(Exercise details):
The task for the listing below is to write out exactly the lines starting at the one containing "Visual and Functional" and ending at the one containing "Boost your warm-up", both included. Pictures are to be omitted.
#### Input material
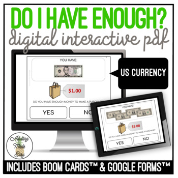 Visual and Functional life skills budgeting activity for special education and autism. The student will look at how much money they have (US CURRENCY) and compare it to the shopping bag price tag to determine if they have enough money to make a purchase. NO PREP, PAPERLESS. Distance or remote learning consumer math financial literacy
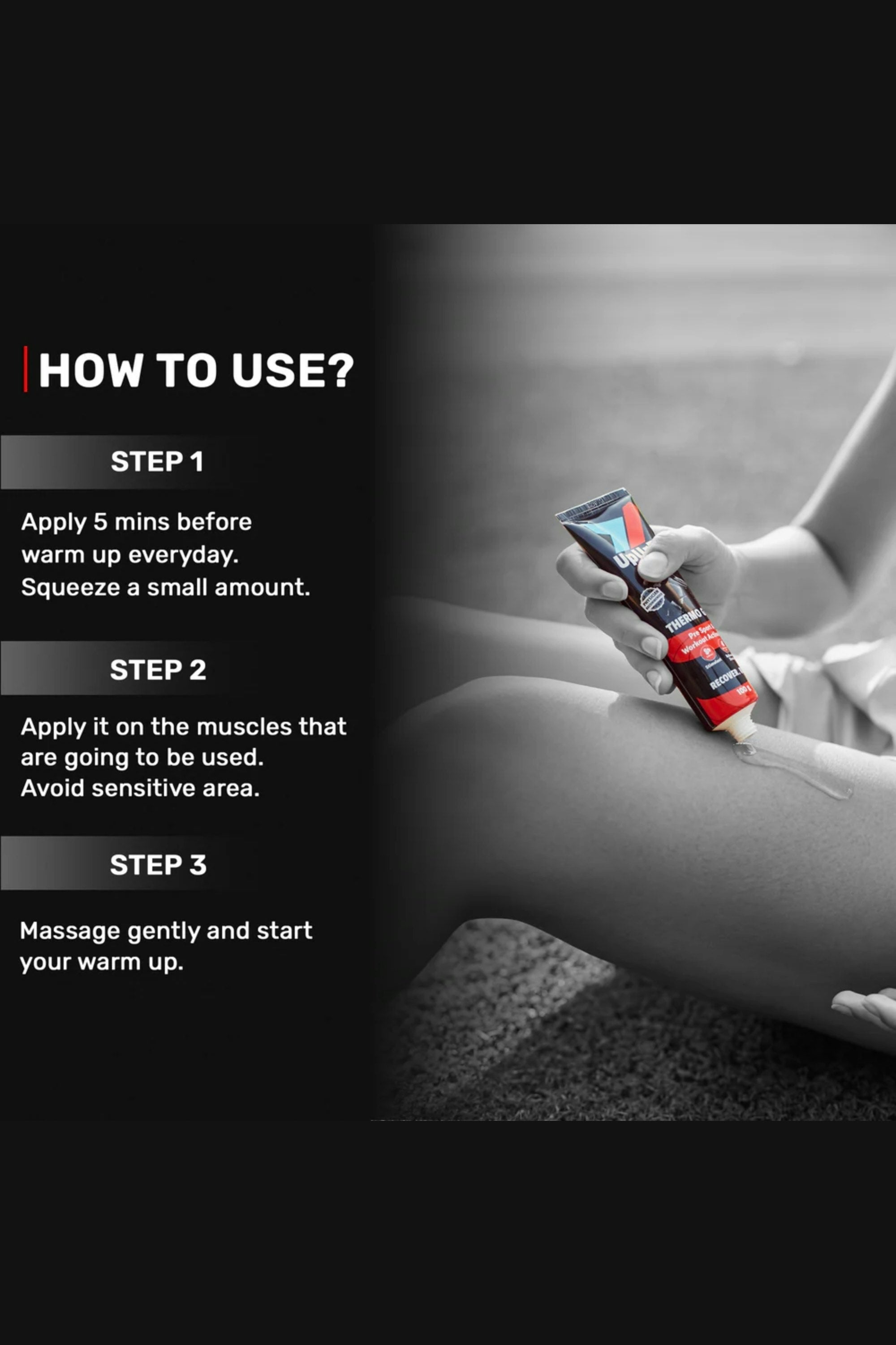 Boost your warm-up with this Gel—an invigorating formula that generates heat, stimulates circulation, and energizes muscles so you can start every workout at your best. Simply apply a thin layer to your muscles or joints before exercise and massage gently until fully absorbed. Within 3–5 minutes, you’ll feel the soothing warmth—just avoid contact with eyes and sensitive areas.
########
#### Input material
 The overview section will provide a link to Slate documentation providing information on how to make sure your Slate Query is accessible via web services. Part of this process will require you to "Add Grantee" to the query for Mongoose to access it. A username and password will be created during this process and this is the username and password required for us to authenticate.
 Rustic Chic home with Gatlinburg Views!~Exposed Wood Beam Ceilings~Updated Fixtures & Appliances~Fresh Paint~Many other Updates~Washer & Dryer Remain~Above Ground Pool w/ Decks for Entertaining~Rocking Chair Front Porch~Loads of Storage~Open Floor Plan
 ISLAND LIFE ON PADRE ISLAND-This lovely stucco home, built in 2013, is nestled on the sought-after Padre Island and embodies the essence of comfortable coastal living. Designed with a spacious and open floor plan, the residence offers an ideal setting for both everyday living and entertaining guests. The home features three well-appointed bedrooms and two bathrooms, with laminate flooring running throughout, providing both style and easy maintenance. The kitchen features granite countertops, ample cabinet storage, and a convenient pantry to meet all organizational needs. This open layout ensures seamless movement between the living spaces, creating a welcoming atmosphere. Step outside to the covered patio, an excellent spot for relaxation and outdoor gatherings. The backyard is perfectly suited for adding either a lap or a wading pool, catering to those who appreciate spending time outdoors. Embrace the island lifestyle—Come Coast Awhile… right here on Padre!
########
(Written response):
 Visual and Functional life skills budgeting activity for special education and autism. The student will look at how much money they have (US CURRENCY) and compare it to the shopping bag price tag to determine if they have enough money to make a purchase. NO PREP, PAPERLESS. Distance or remote learning consumer math financial literacy
 Boost your warm-up with this Gel—an invigorating formula that generates heat, stimulates circulation, and energizes muscles so you can start every workout at your best. Simply apply a thin layer to your muscles or joints before exercise and massage gently until fully absorbed. Within 3–5 minutes, you’ll feel the soothing warmth—just avoid contact with eyes and sensitive areas.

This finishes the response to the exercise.